沈微雨凑过去看。果然,那几笔连起来,真有点像展翅的鸟。
“飞……”她喃喃。
燕双飞笑了:“巧了,跟我名字一样。”他把残简还给她,“这片简跟你有缘,好好收着。”
沈微雨接过残简,握在手心。竹简还残留着他掌心的温度。
“燕双飞。”她忽然问,“你的名字,有什么特别的意思吗?”
燕双飞愣了一下,然后笑了:“我爷爷起的。他说我出生那天,有两只燕子在屋檐下筑巢,飞来飞去的。他就给我起了‘双飞’,说希望我这辈子能像燕子一样,自由自在地飞。”

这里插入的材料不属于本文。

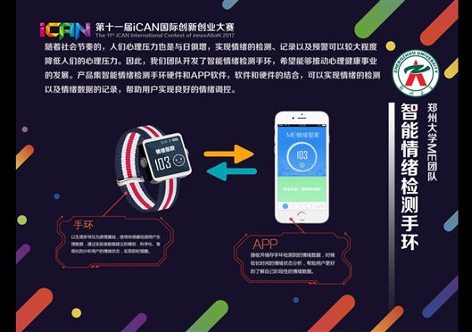 这款智能情绪检测手环由郑大学生赵帅、赵健壮、许子涵、叶自龙、周峻辉联合发明,并在11月26日结束的ICAN国际创业创新大赛中国赛区总决赛上获得了三等奖。
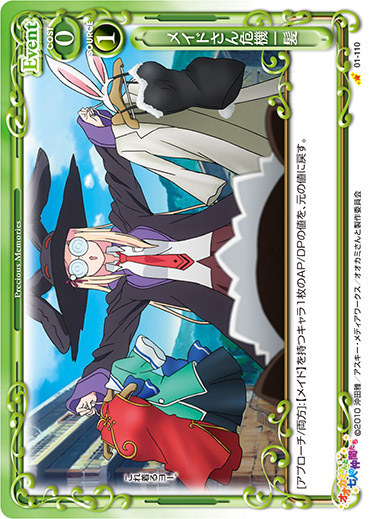 | [アプローチ/両方]:【メイド】を持つキャラ1枚のAP/DPの値を、元の値に戻す。 | ||
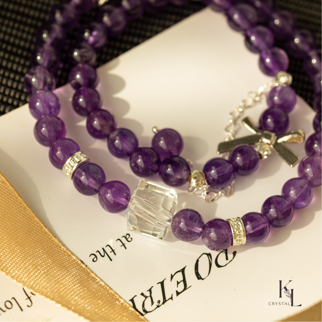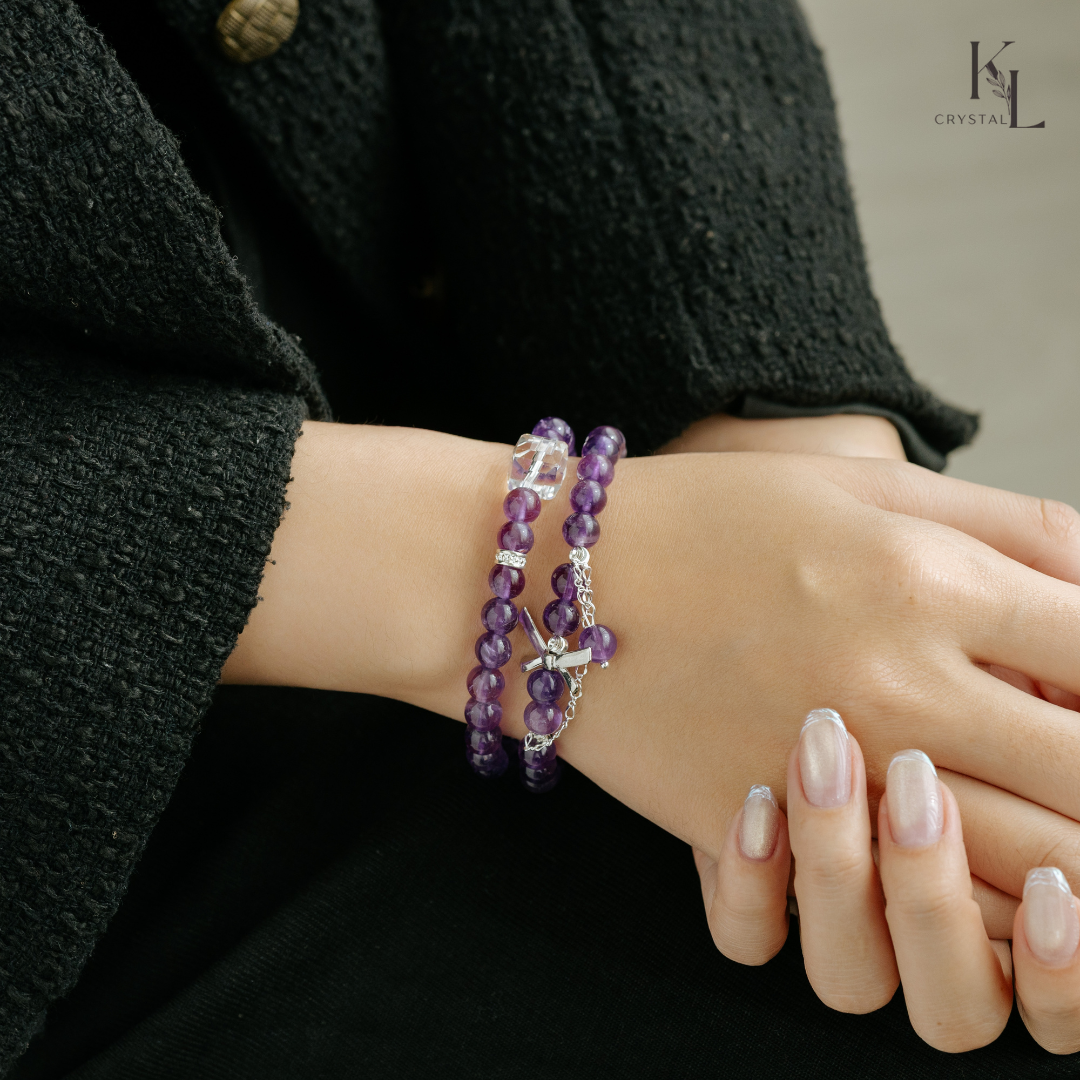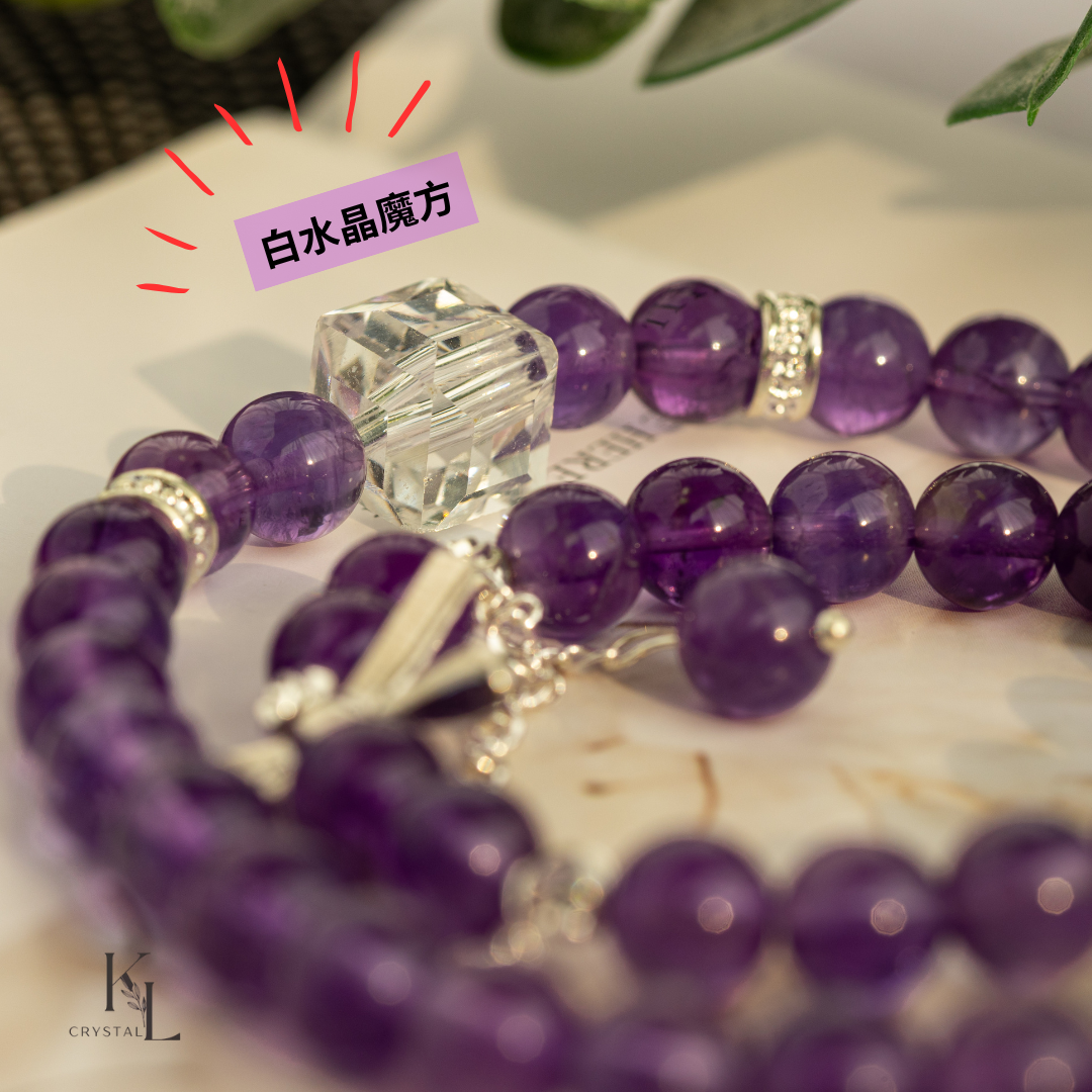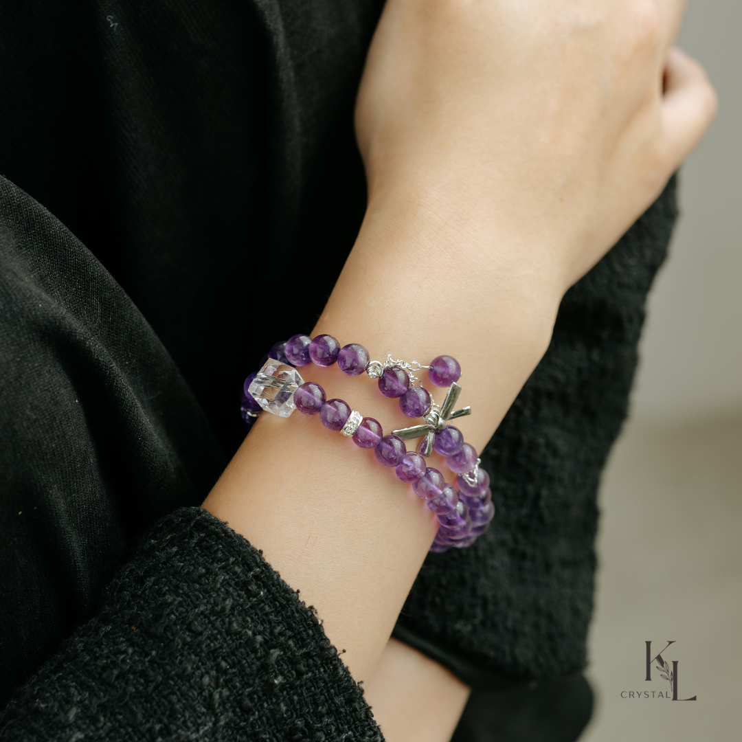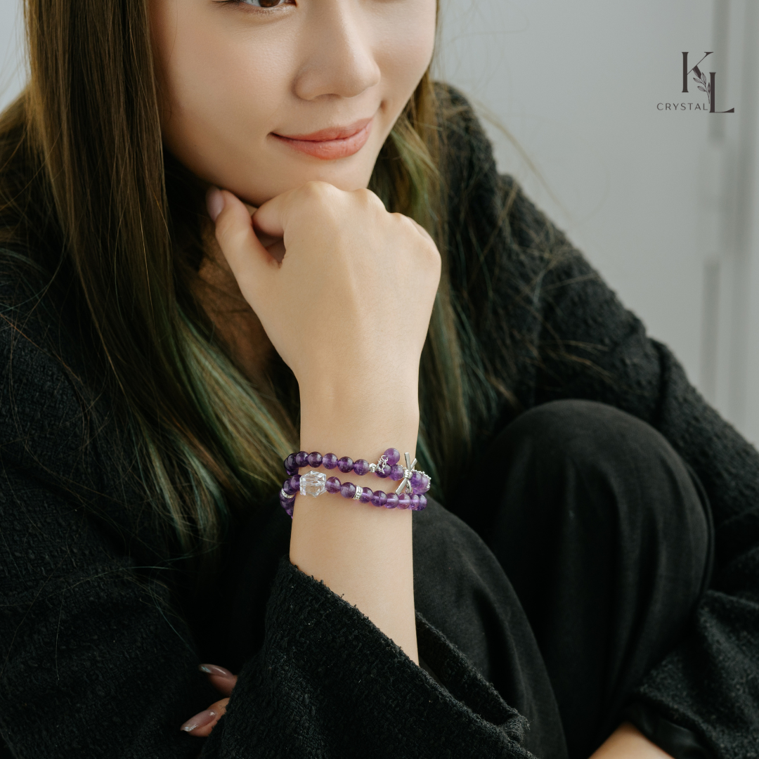 我們將天然紫水晶的溫柔能量,以雙圈繞腕設計柔繞於身
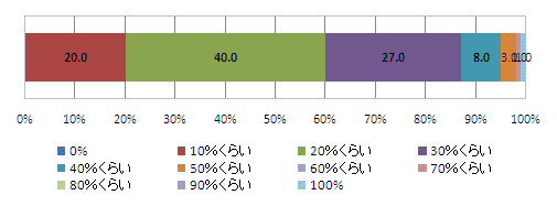 自身の育児分担割合を尋ねたところ、「20%くらい」が40.0%で最も高く、次いで「30%くらい」の27.0%、「10%くらい」の20.0%と続いている。 自身の育児分担割合が「30%以下」という回答者は全体の9割弱に及んでいる。
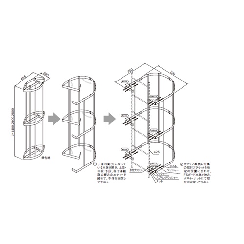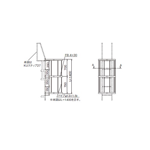 [サイズ]H1400mm×W700mm[本体重量]10.6kg [材質]SUS304 [仕上]ヘアーライン [備考]縦桟φ25用 [セット内容]本体:L=1400(1300) 取付ブラケット:6個 SUS M8ボルト L=30,ナットワッシャー:2個,スプリングワッシャー:12組 購入に関する注意事項 特長 ・耐食性・耐候性に優れたステンレス製です。 ・3段階の折畳み式になっており、梱包時に容積が小さくなるので、運送費用が圧縮できます。 ・コンパクトにまとまっていることから、現場での取り回しも良く、場所によっては重機を使用せずとも荷揚が可能です。 ・本体はブラケットとボルトでの固定により、特別な工具は必要とせず取付けが可能です。 ご注意 ・本製品は後付式です。既設のKUステップまたは支柱(縦桟)径φ25のステップに設置可能です。他の径も別注で製作可能です。 ・パイプステップやPSステップ用も取付ブラケットが違いますが、特注にて製作可能です。
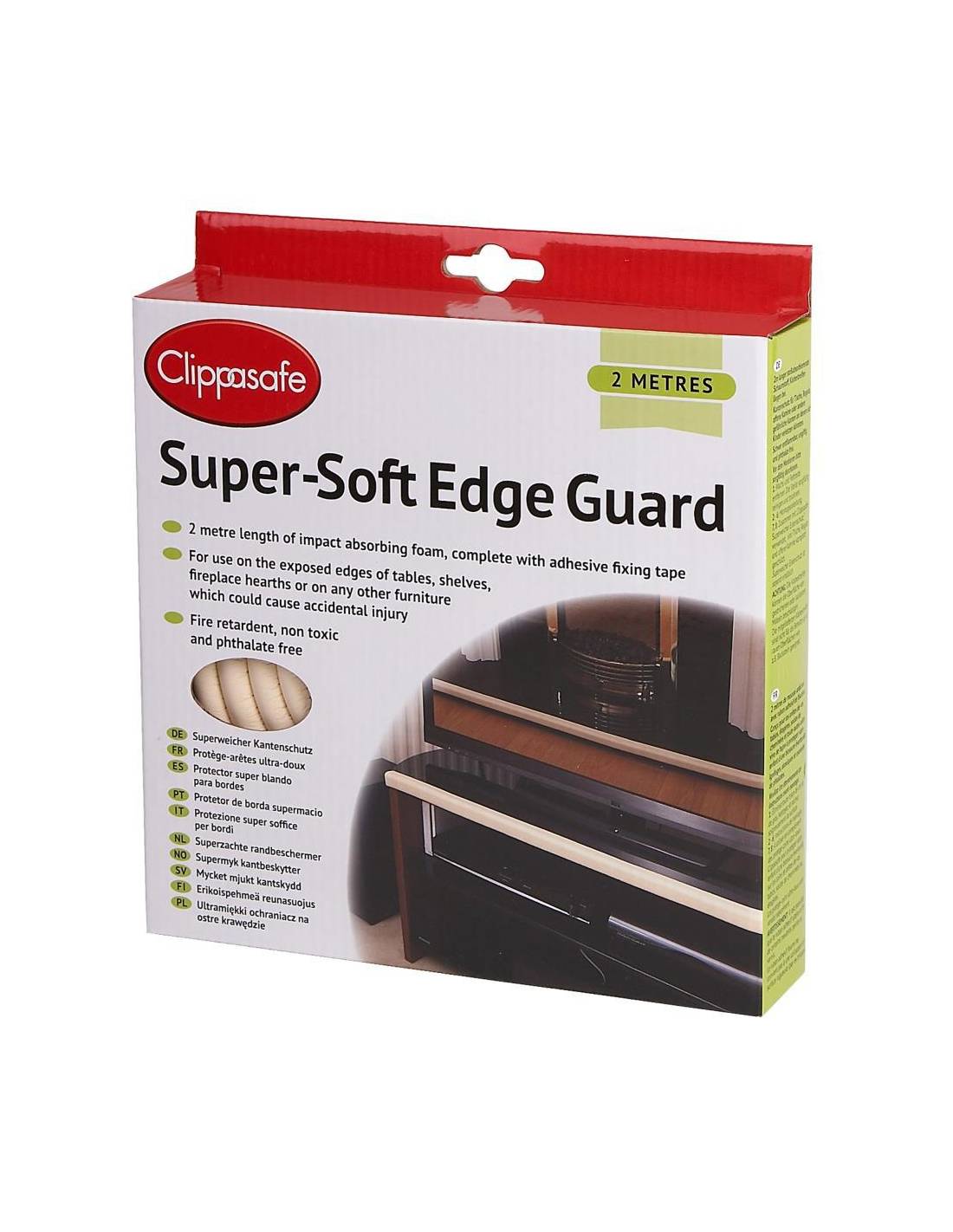 Super Soft Edge Guard viene en longitudes de 2 metros de material protector que absorbe impactos que se puede cortar a cualquier longitud deseada y usarse en los bordes afilados de mesas, estantes y hogares de chimeneas.
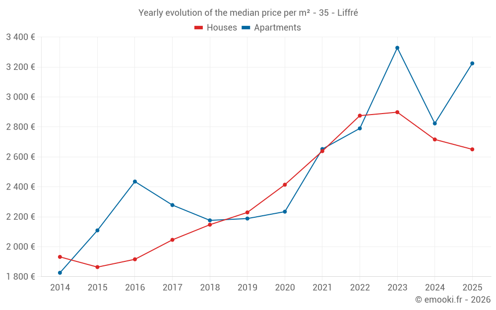 The median price on the 35 house transactions of the last 6 months in the municipality of Liffré was 2 650 € per square meter for a median property value of 308 370 €. Over this period, 60% of transactions were between 2 418 and 3 250 € per square meter (from the 2nd to the 8th deciles).
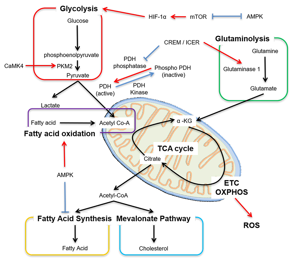 Figure 1. Main metabolic pathways in T cells. Cellular metabolism is controlled by many factors, including transcription factors. Red arrow means “enhance or activate”, whereas blue line means “inhibit or inactivate”. Acetyl Co-A, acetyl coenzyme A; mTOR, mammalian target of rapamycin; AMPK, adenosine monophosphate activated protein kinase; HIF-1α, hypoxia inducible factor 1 alpha; PKM2, pyruvate kinase muscle isozyme 2; CaMK4, calcium/calmodulin–dependent protein kinase IV; PDH, pyruvate dehydrogenase; ICER, inducible cAMP early repressor; α-KG, α-ketoglutarate; ETC, electron transport chain; OXPHOS, oxidative phosphorylation; ROS, reactive oxygen species.
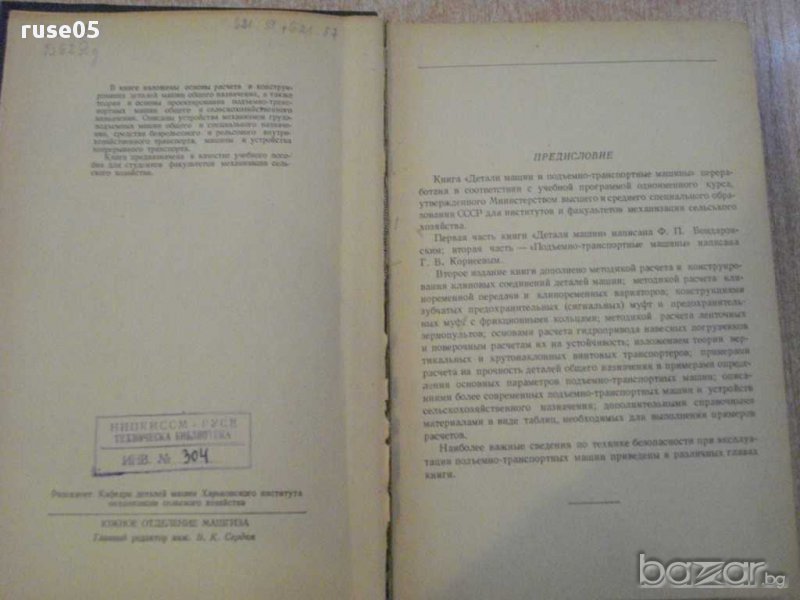 Книга "Детали машин подъем.транс.маш.-Ф.Бондаровский"-552стр → Обява 10700665
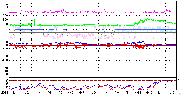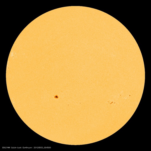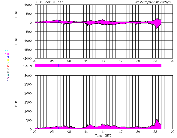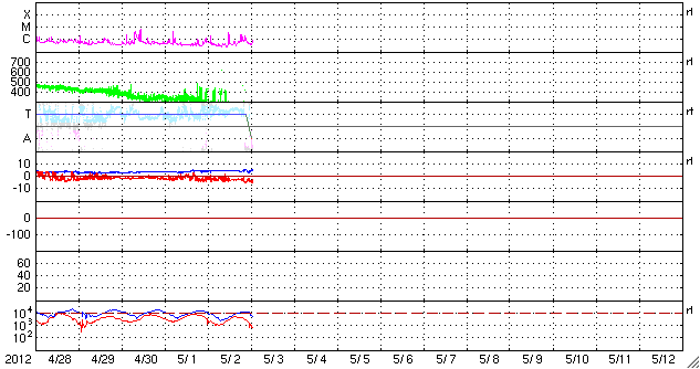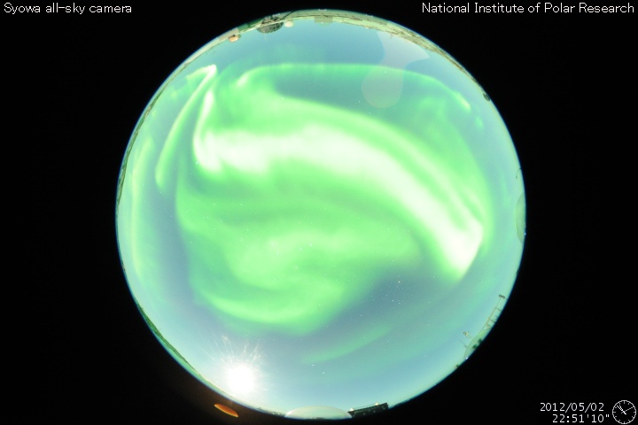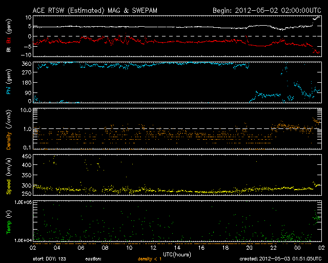 2012/ 5/ 3 10:52 更新 太陽の東端にコロナホールと新しい黒点群が見えてきました。太陽風磁場の南向きが強まっています。 担当 篠原 太陽の東端に、南北に伸びるコロナホールが見え始め、 更にその向こうからは、新しい黒点群が顔を出しています。 コロナホールは、太陽が一回自転した27日前よりも、 やや北寄りに見えている様です。 東西方向への大きな移動はなさそうなので、 太陽風に影響が見られるのは、前周期の4月12日の27日後にあたる 5月9日前後になりそうです。 もう2〜3日すると、より詳しく分かる様になるでしょう。 前周期は、最高600km/秒に達する高速の太陽風が3日ほど続きました。 太陽の東端の北半球側から、2つの黒点群が顔を出しています。 北寄りの黒点群には1474黒点群という番号が付いています。 フレアの活動も見られ、今後注目して下さい。 太陽では、西の端や、1469黒点群などでも小規模のフレアが発生し、 C3.2、C2.2、C2.1、C1.9、などが記録されています。 黒点の変化も見られ、小中規模のフレアの活動はこのまま続きそうです。 太陽風の速度は、300km/秒を割って、270km/秒くらいまで下がっています。 ここまで速度がしっかり下がるのは、 昨年の12月末以来、4ヶ月ぶりのことです。 磁場強度は、5nTと平均的な強さに戻っています。 南北成分の南寄りの傾向も続いていて、 ACEの赤線は、ずっと -3nT付近を上下しています。 ACEのグラフの後半を見ると、太陽風磁場のセクター境界が来た様です。 この関係で、磁場の南向きが少し強まり、 また、最新のデータは磁場強度が10nT近くに強まっています。 南向きも強まっているので、今後の変化に注目して下さい。 磁気圏の活動は比較的穏やかでしたが、 後半に太陽風の変化に対応して、AE指数で500nTの変動が起きています。 この時間帯に、昭和基地でもにぎやかなオーロラの活動が撮影されています。 磁場の南向きは強まっているので、これから活動が大きくなりそうです。 放射線帯の高エネルギー電子は、やや下がりながら、 今日も高いレベルに達していました。 しかし、太陽風、磁気圏の弱い乱れが影響して、 この後大きく減少するのではないかと思います。 ![]() 南極の昭和基地で全天カメラにより撮影された、世界時5月2日23時頃のオーロラ。 (c) 国立極地研究所 ![]() SDO衛星のAIA193カメラによる太陽コロナの様子 (c) SDO (NASA) ![]() SDO衛星による太陽の可視光写真。マウスの矢印を写真に重ねると、黒点番号付きの写真に切り替わります。 (c) SDO (NASA) ![]() GOES衛星の太陽X線データ (c) NOAA/SWPC ![]() ACEが観測した太陽風の磁場(1番上の枠、白線は全体の強度、赤線は南北成分) および、太陽風の密度(3番目の橙線)、速度(4番目の黄線) (c) NOAA/SWPC ![]() リアルタイムAE指数 下段のAEグラフの値が高くなると、オーロラ活動が活発化しています。 (c) 京都大学, NICT ![]() 27日の太陽周期に合わせたデータプロット 太陽が同じ面を地球に向けていた27日前の変化から、今後を予想することができます。 (c) 作図:宇宙天気ニュース
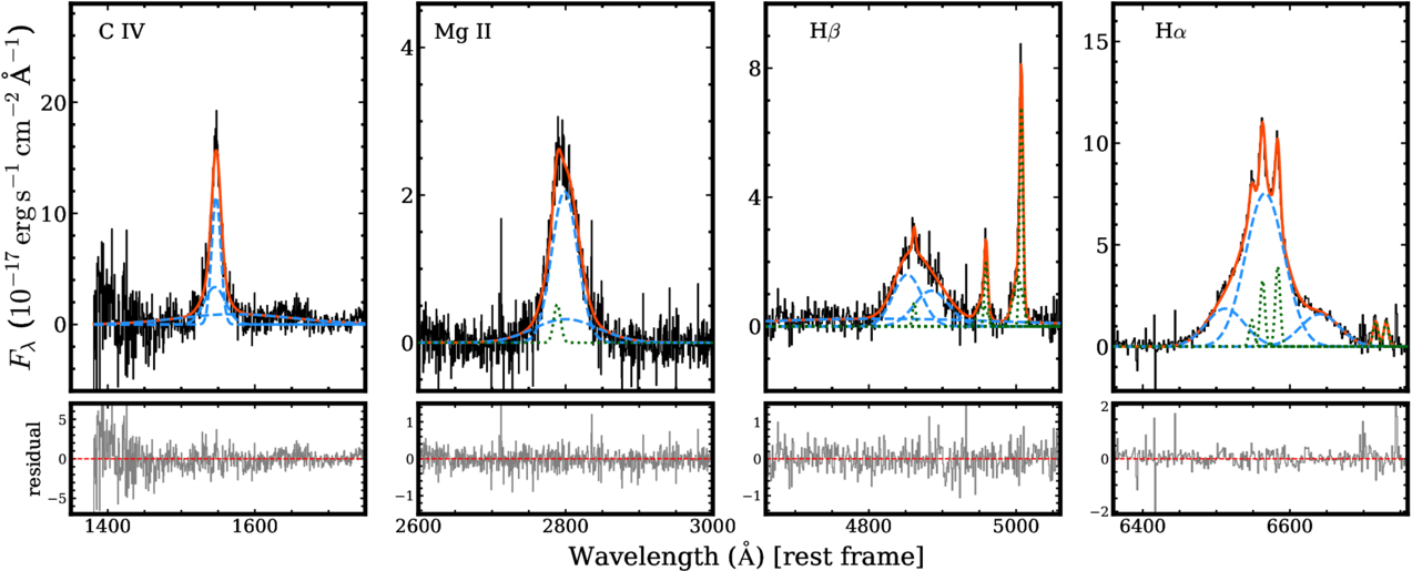 Examples of spectral fitting results for the C IV, Mg II, Hβ, and Hα line complexes. In the upper panels, the black lines show the rest-frame continuum-subtracted spectra. The dashed blue and dotted green lines represent the broad and narrow emission-line models, respectively, and the solid red lines indicate the combined best-fit model of the broad and narrow lines. The lower panels show the fitting residuals.

他顿了顿,笑容淡了些:“不过后来我父亲说,晏几道有句词,‘落花人独立,微雨燕双飞’。说这意境好,但仔细一想,其实挺孤单的——落花时节,人独自站着,细雨中燕子倒是成双成对。我爷爷不知道这词,就是单纯觉得燕子好。”
沈微雨心里一动。
微雨燕双飞。
她的名字,他的名字,竟然出自同一句词。
“那你知道我名字的出处吗?”她轻声问。
燕双飞转过头看她,月光下,他的眼睛亮得像星子:“知道。第一次听老陈叫你,我就想到了。沈微雨——细雨润物,却难抵疾风。”
他顿了顿,声音更轻了:“但细雨下久了,也能穿石。”
江风拂过,带着水汽,凉丝丝的。沈微雨的耳朵在发烫,她低下头,看着手里的残简。
“微雨燕双飞……”她喃喃。
“嗯。”燕双飞应了一声,然后沉默了。
两人就这么坐着,听着江水声。远处有渔火,一点两点,在江面上漂。
“沈微雨。”燕双飞忽然开口,声音很认真,“等到了李庄,等把这些古建测完了,把这些古籍修好了,等仗打完了……”
他停住了,好像在斟酌词句。
沈微雨的心跳得很快。她等着,等他说下去。
但燕双飞最终只是笑了笑,摇摇头:“算了,以后再说。现在说这些太早了。”
沈微雨有点失望,但也没追问。这年头,承诺太重,谁也不敢轻易给。
“睡吧。”燕双飞站起来,朝她伸出手,“明天还要渡江。”
沈微雨把手放进他手里。他的手很大,很暖,握得很稳。他把她拉起来,两人并肩走回营地。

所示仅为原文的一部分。